Lytton Gardens shrinking nursing facility Lytton Gardens shrinking nursing facility (June 11, 2003)

Staff blames state for large deficits

by Bill D'Agostino

Seniors requiring the assistance of a nursing care facility will have 50 less beds in Palo Alto to recoup in by the end of the month.

Struggling to keep their heads afloat, Lytton Gardens -- a nonprofit senior facility located near downtown Palo Alto -- is in the process of reducing the number of beds in its health care center.

The result will be local seniors must endure extended hospital stays before finding a nursing facility to take them for longer-term care, according to Lytton's President and CEO Vera Goupille. Some might even have to move out of the area entirely, she said.

Last month, Lytton announced it was no longer accepting new MediCal patients. None of its current patients who have MediCal, though, are affected by the change although residents who live in Lytton's apartments and have MediCal won't be able to transfer to the nursing facility, as was common in the past.

Restructuring at Lytton's nursing care facility goes deeper than simply the MediCal cuts. Staff has been reduced, including eight employees who were laid off. And the top floor of the nursing unit is being closed to build a new, non-nursing facility that will serve seniors. In total, the number of beds will decrease from 145 to only 94 by the end of June.

"I'm really concerned," said Kathy Espinoza-Howard, the director of the city of Palo Alto's Human Services Department. "It's a major cut to an already poorly served population."

The reason for the changes is multifaceted, Goupille said. The state is requiring an increasing number of nurses per residents this year. Reimbursements from both Medicare and MediCal are decreasing and insurance rates have quadrupled since 2000.

"In a way, our hands are tied," she said. "It's very similar to what the schools are facing."

Every time the state requires an additional .1 hour of nursing per patient, it costs Lytton an additional $250,000, she noted. That has happened three times in the last three years.

"Those are big numbers for a business that runs on a small margin," she said of the increasing costs, which are exacerbating the problems from an already existing nursing shortage crisis.

In the last fiscal year, which ended April 1, Lytton ran on a $1 million deficit out of its approximately $12 million budget. That was on top of a $600,000 deficit the year before. The new changes will try to minimize the shortfall, Goupille said.

On top of that, a law passed in 2002 by Gov. Gray Davis allowed patients with private funds to impoverish themselves, giving money to their heirs, to become MediCal patients, even though they could afford to pay.

"In all other states, this is considered fraud and is illegal," Lytton Gardens Board Chair Wende Hutton said, pointing out that 30 percent of Lytton's private pay patients converted to MediCal after the law was passed. "I consider this another unfunded state mandate."

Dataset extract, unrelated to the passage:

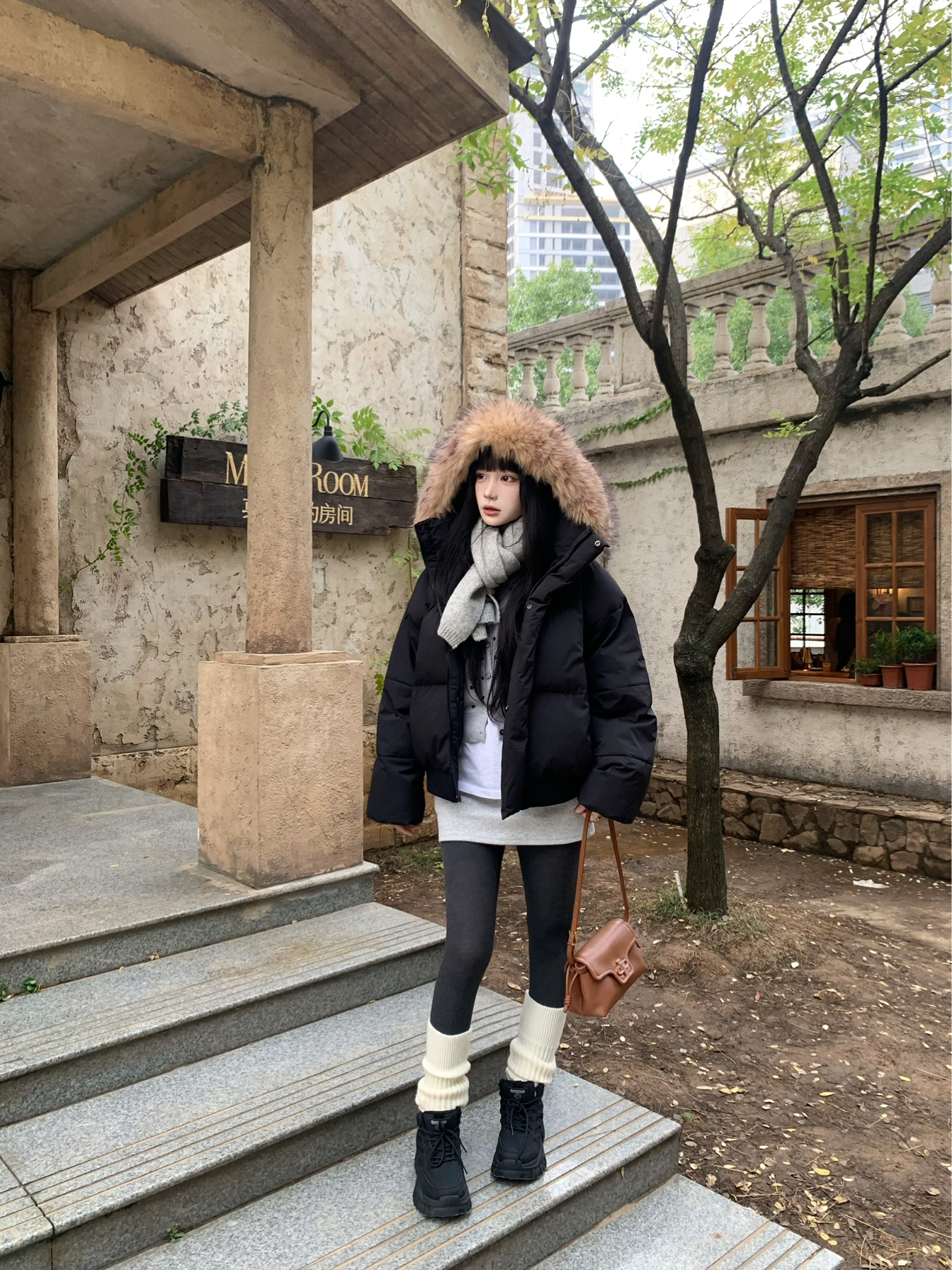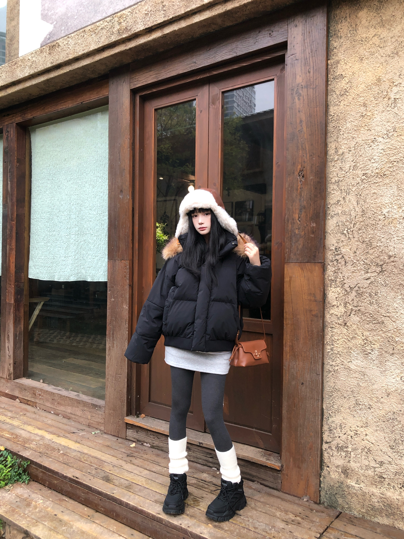 我的冬日速成美式穿搭公式来咯 简约毛衣搭配A chock座山雕羽绒服🪶 小个子可以穿合身一点 我162穿m就刚好~ 上身保暖舒适 日常穿也不费力的百搭 搭配灰打底裤➕堆堆袜➕哆啦A梦户外靴👢 靴子我就穿黑色增高的 上脚也很舒适😌 包包用棕色pedro信封包点缀💼 小巧轻便又使用 四季都比较百搭 双十一入手很不错 美式感满满

Any one of these factors could have been managed, Hutton said. But with all of the funding problems, the choice was either to decrease the quality of the 24-hour nursing care or reduce the number of the people served.

"We're not prepared to lower the standard of care," Goupille added. "I hope that there's an understanding from the state that some of these decisions truly impact people's lives."

Nursing care is only one tier of Lytton's service. It serves more than 500 seniors with affordable apartment-style complexes, an assisted living facility and the nursing care.

The need for Lytton's services among the area's booming population of seniors is great and growing.

Two of the brown-shingled apartment complexes downtown recently opened up its waiting list for the first time in many years. More than 300 people applied in the first three days.